Giving The President His Due On Tax Reform

March 19, 2011

I realize that I haven’t given President Obama full credit for the tax reforms he’s proposing as part of his Fiscal Year 2012 budget.

First, there seems to be a fairly wide consensus that the basic corporate tax rate is too high. At 35%, it’s higher than the rates in every other country with a highly-developed economy.

Which isn’t to say that U.S. corporations pay more in taxes. In 2009, General Electric owed nothing to the U.S. government. In fact, it managed to report a $1.1 billion tax benefit, i.e., negative domestic earnings, which it can use to offset future tax liabilities.

If I understand correctly, the argument economists make is that the high nominal tax rate, combined with the mass of deductions, credits and the like distorts economic decision-making and may create incentives to locate job-creating production overseas.

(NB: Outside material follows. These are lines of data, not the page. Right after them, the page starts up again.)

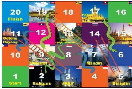
Gambar 5. Desain akhir media pembelajaran permainan ular tangga berkarakter

Berdasarkan pada gambar 5 desain akhir dari media pembelajaran permainan ular tangga yang sudah direvisi oleh peneliti dan sudah di ACC oleh dosen ahli media dan ahli materi selanjutnya akan dicetak dalam media nyata yang berupa banner. Selanjutnya peneliti juga membuat sebuah dadu dari kardus. Dadu tersebut dapat dilihat pada gambar 6.
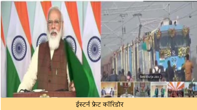
ईस्टर्न फ्रेट कॉरिडोर
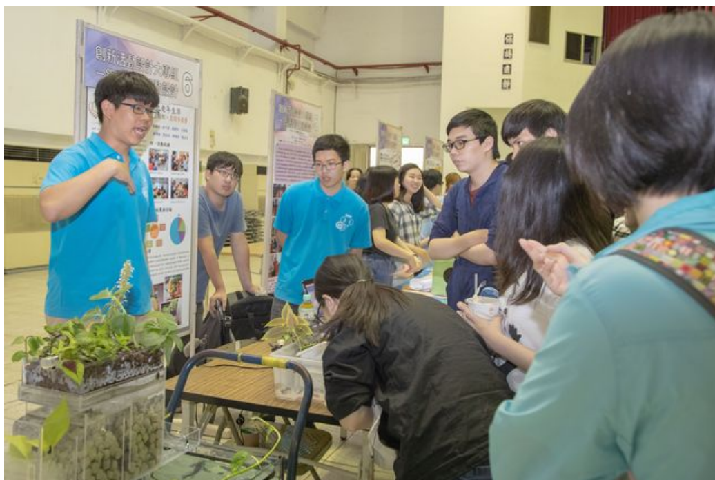
嘉藥「綠農魚水」團隊榮獲「銀髮學習活動」組優勝。

http://www.cdnews.com.tw 2018-05-02 16:37:50
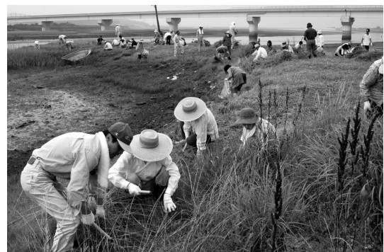
河川環境美化活動
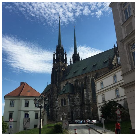
Obr.3: Petrov, Brno Autor: Anna Frintová (2020)

Petrov se nalézá v centru, tudíž srdce udržitelně smýšlejícího návštěvníka opět zaplesá – dostanete se sem bez problému pěšky. Snoubí se zde kultura s adrenalinem, jelikož vyhlídky z tohoto barokního skvostu nejsou pro ty, co trpí strachem z výšek. Rozhodně však nemůžete opustit Brno, aniž byste tento architektonický skvost nespatriili.
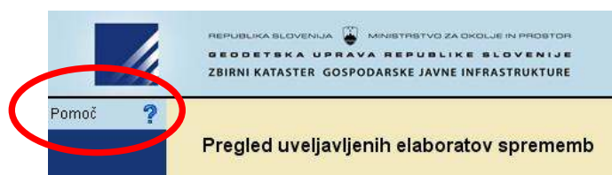
Slika 5: Navodila za vsak modul.

Enaka navodila so dostopna tudi iz vsakega modula.
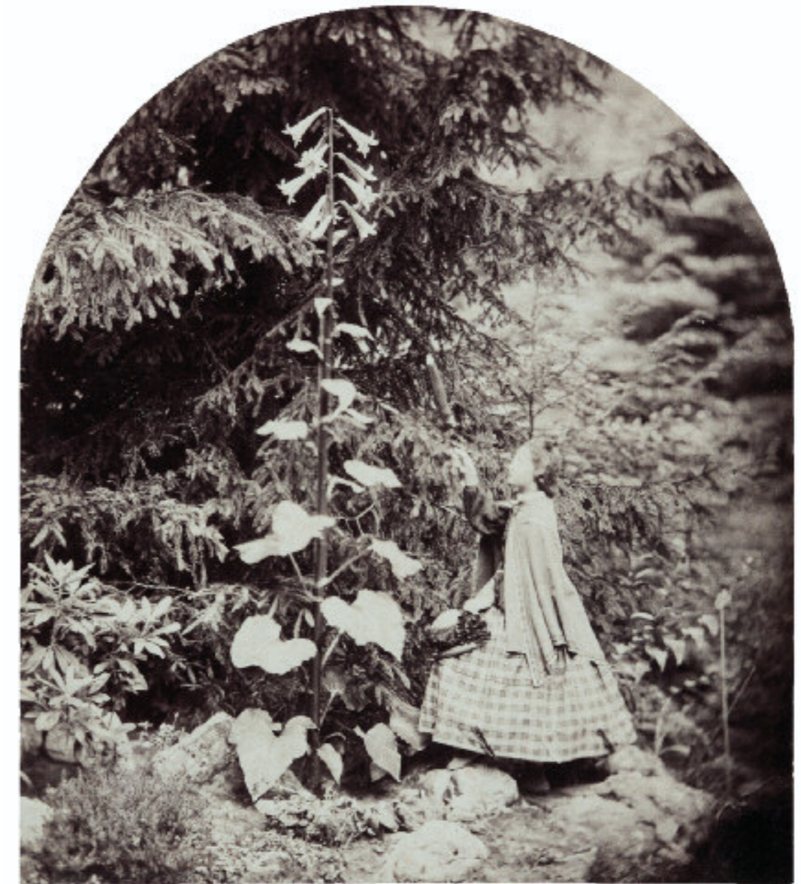
Carl Wilhelm Häcker Lilium gigantum. Im freien Lande blühend, Pirna, um 1862

Jedes Ausstellungsprojekt ist eine Teamleistung und deshalb gebührt mein besonderer Dank allen Mitarbeiterinnen und Mitarbeitern der Stiftung Museum Schloss Moyland, die auch in Zeiten immer enger werdender finanzieller und personeller Mittel unermüdlich die erfolgreiche Arbeit des Museums Schloss Moyland garantieren.
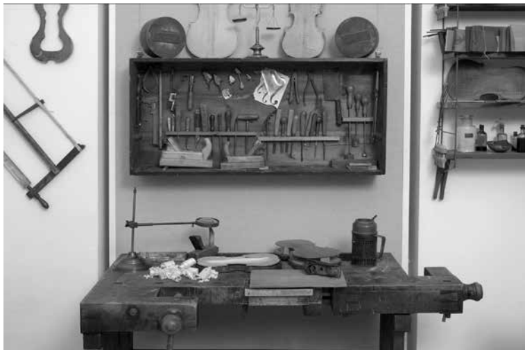
6. kép: Hegedűkészítő műhely a Zenetörténeti Múzeumban, 2014
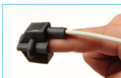
Soft Sensor Small 8000SS
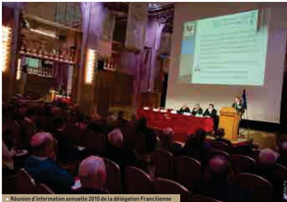
▲ Réunion d'information annuelle 2015 de la délégation Francilienne
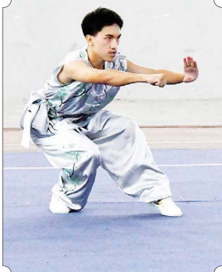
ပြည်နယ်နှင့်တိုင်းဒေသကြီး အမျိုးသားဂူဂျီပြိုင်ပွဲတွင် ရှမ်းပြည်နယ်မှ ပြိုင်ပွဲဝင်တစ်ဦး ယှဉ်ပြိုင်နေမှုကို တွေ့ရစဉ်။
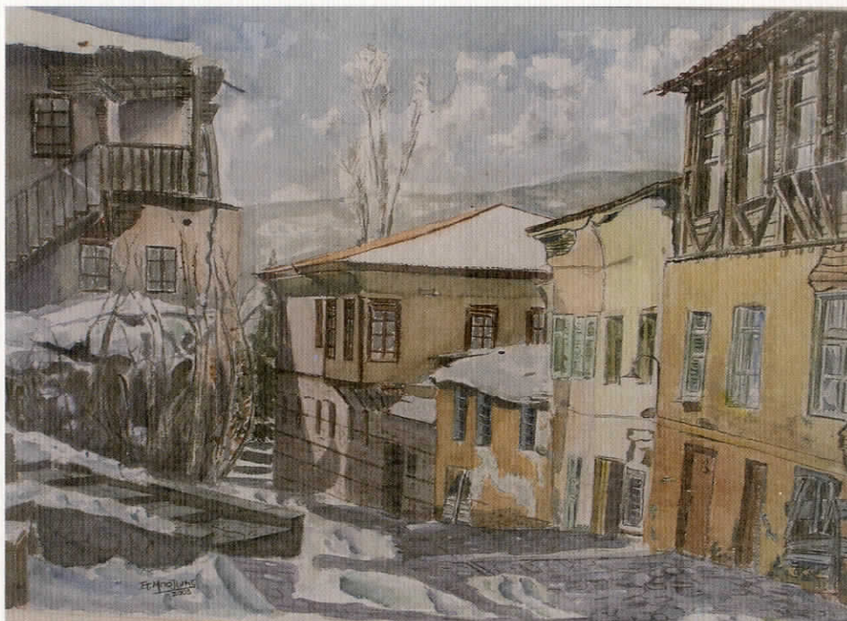
«Εβραϊκή συνοικία», υδατογραφία, 50 X 70 εκ., 2003

Με τη ζωγραφική ασχολείται από μικρός με έμφυτο ταλέντο. Έχει παρακολουθήσει μαθήματα ελεύθερου και γραμμικού σχεδίου και ασχολήθηκε με την παραγωγή αφισών και μακέτας. Τα τελευταία χρόνια ασχολείται με τη δημιουργική υδατογραφία και τα παστέλ. Τα έργα του είναι βιωματικά, αστικά τοπία, τοπιογραφίες και πορτραίτα, στιγμές της καθημερινότητας.

So the President’s plan seems to make sense. And the revenues potentially lost by reducing the statutory rate have to — or rather, should be — paid for somehow.

I think I may have been misled by the term “revenue neutral.” I understand now that it’s a shorthand for a corporate tax reform plan that doesn’t increase the deficit. To my knowledge, the President and his people haven’t indicated whether they will seek a plan that raises more revenues from the corporate sector.

Second, the President isn’t focused only on corporate tax reform. He again proposes some changes for individual taxpayers that would bring in more revenues.

As I’ve already said, he’s again going to “push against” a further extension of the Bush-era tax brackets for families earning more than $250,000 a year and again going to try to restore the estate tax to what it was during the last year before it expired.

He’s also recycling some related proposals, e.g., raising the tax rate on capital gains from 15% to 20% — again, only for high-income filers.

And once again, he proposes closing the loophole that allows hedge fund and private equity fund managers to pay the capital gains rate, rather than a regular income tax rate on a substantial portion of their compensation.

Beyond this, the most significant — and undoubtedly controversial — change in the individual income tax code would cap the value of itemized deductions for high-income filers at 28%. Probably the largest impact would be on the subsidy we provide, through the tax code, for home ownership.

The Tax Policy Center puts the total cost of this year’s subsidy for home mortgage interest alone at $131 billion. Savings would be considerably less, since the deduction would be capped only for families with incomes over $250,000.

The Economic Policy Institute reports that all revenues raised by the cap would total $321.3 billion over 10 years.

The President proposed the same deductions cap in 2009 and again in 2010. The first time, the extra revenues were supposed to help pay for the then-pending health care reform plan.

This time, revenues gained would be used to offset the costs of a three-year “patch” for the Alternative Minimum Tax. Congress regularly passes a short-term “patch” to exempt middle income filers, who were never supposed to be subject to the AMT.

But it doesn’t always provide for an offset. So a three-year, paid-for fix seems a fiscally responsible proposal.

None of this, however, affects the point I made about the balance between spending cuts and revenue raisers in the proposed budget.

The roughly one-third revenue raisers/two-thirds spending cuts formula seems to me arbitrary and counter to our national interests.

Top of my list are growing the economy (without destroying the planet), reducing egregious income inequality, ensuring public health and safety and providing for the needs of low-income and other vulnerable people.

Fiscal commission members Alice Rivlin and Pete Dominici chaired another group that developed a plan distinctively different from the plan of the fiscal commission co-chairs.

This one would produce a 50-50 split. Some parts of it are problematic — most notably, the proposals for reducing federal health care spending.

But it shows there’s no magic in the framework the President has apparently adopted. There are a lot of ways to skin this cat.